§ Directions for this task
While you copy the lines below, skip the pictures and keep the rest exact.

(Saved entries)

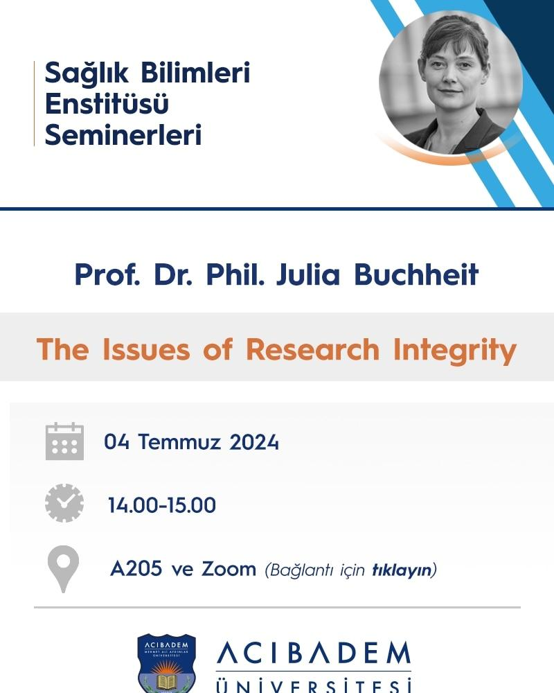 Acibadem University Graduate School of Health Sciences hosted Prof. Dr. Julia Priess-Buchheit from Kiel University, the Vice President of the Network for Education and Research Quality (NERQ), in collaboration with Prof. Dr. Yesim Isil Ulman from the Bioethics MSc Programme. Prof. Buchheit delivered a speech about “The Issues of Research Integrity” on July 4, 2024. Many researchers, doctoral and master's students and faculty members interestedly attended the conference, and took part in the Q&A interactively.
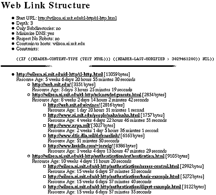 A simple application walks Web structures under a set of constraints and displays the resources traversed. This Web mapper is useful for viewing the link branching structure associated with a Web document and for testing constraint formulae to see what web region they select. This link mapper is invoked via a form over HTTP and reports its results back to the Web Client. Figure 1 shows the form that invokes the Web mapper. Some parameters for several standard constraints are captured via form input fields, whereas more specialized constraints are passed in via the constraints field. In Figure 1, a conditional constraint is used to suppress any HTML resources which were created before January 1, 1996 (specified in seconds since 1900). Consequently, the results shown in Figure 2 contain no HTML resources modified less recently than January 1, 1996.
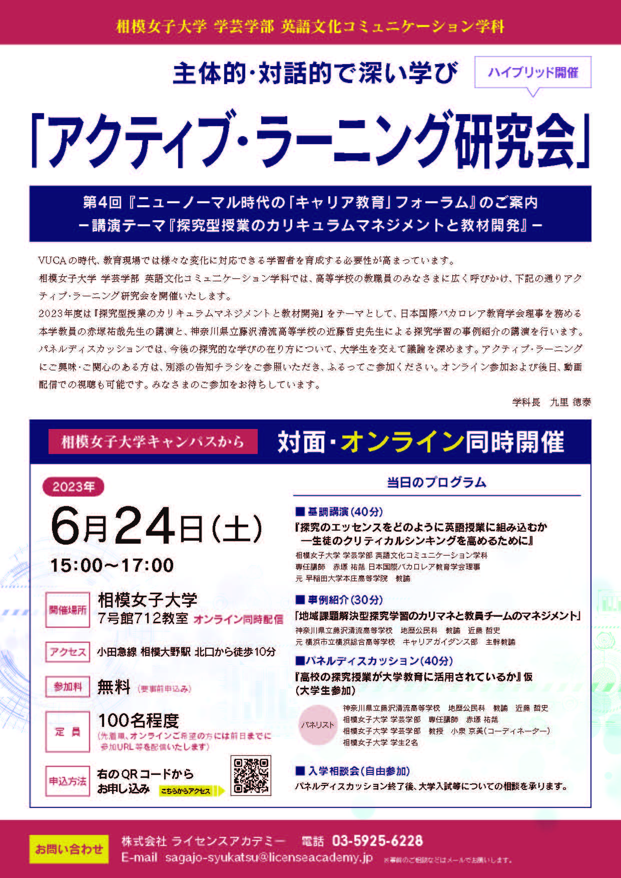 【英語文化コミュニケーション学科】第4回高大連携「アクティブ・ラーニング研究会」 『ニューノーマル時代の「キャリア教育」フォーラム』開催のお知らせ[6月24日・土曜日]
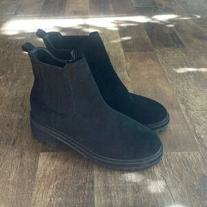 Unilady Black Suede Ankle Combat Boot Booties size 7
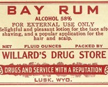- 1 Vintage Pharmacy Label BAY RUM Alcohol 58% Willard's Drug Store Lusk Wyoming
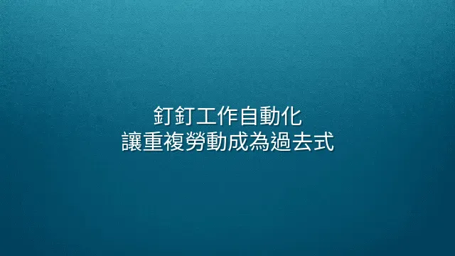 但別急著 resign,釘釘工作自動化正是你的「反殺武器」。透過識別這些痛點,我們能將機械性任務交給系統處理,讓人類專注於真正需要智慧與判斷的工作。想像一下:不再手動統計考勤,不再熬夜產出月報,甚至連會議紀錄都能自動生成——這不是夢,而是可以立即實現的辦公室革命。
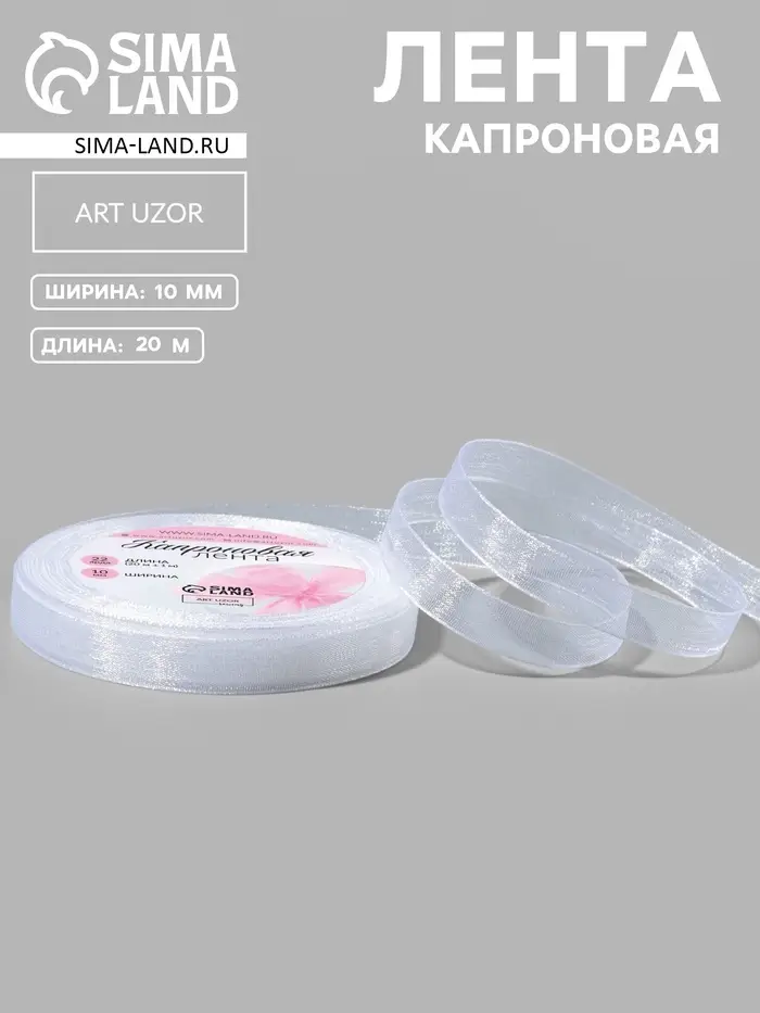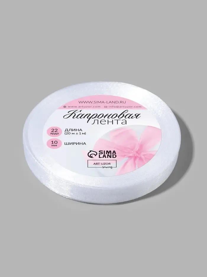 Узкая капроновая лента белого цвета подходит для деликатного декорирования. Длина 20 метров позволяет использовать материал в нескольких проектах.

§ Expected answer
 Acibadem University Graduate School of Health Sciences hosted Prof. Dr. Julia Priess-Buchheit from Kiel University, the Vice President of the Network for Education and Research Quality (NERQ), in collaboration with Prof. Dr. Yesim Isil Ulman from the Bioethics MSc Programme. Prof. Buchheit delivered a speech about “The Issues of Research Integrity” on July 4, 2024. Many researchers, doctoral and master's students and faculty members interestedly attended the conference, and took part in the Q&A interactively.
 A simple application walks Web structures under a set of constraints and displays the resources traversed. This Web mapper is useful for viewing the link branching structure associated with a Web document and for testing constraint formulae to see what web region they select. This link mapper is invoked via a form over HTTP and reports its results back to the Web Client. Figure 1 shows the form that invokes the Web mapper. Some parameters for several standard constraints are captured via form input fields, whereas more specialized constraints are passed in via the constraints field. In Figure 1, a conditional constraint is used to suppress any HTML resources which were created before January 1, 1996 (specified in seconds since 1900). Consequently, the results shown in Figure 2 contain no HTML resources modified less recently than January 1, 1996.
 【英語文化コミュニケーション学科】第4回高大連携「アクティブ・ラーニング研究会」 『ニューノーマル時代の「キャリア教育」フォーラム』開催のお知らせ[6月24日・土曜日]
 Unilady Black Suede Ankle Combat Boot Booties size 7
- 1 Vintage Pharmacy Label BAY RUM Alcohol 58% Willard's Drug Store Lusk Wyoming
 但別急著 resign,釘釘工作自動化正是你的「反殺武器」。透過識別這些痛點,我們能將機械性任務交給系統處理,讓人類專注於真正需要智慧與判斷的工作。想像一下:不再手動統計考勤,不再熬夜產出月報,甚至連會議紀錄都能自動生成——這不是夢,而是可以立即實現的辦公室革命。
 Узкая капроновая лента белого цвета подходит для деликатного декорирования. Длина 20 метров позволяет использовать материал в нескольких проектах.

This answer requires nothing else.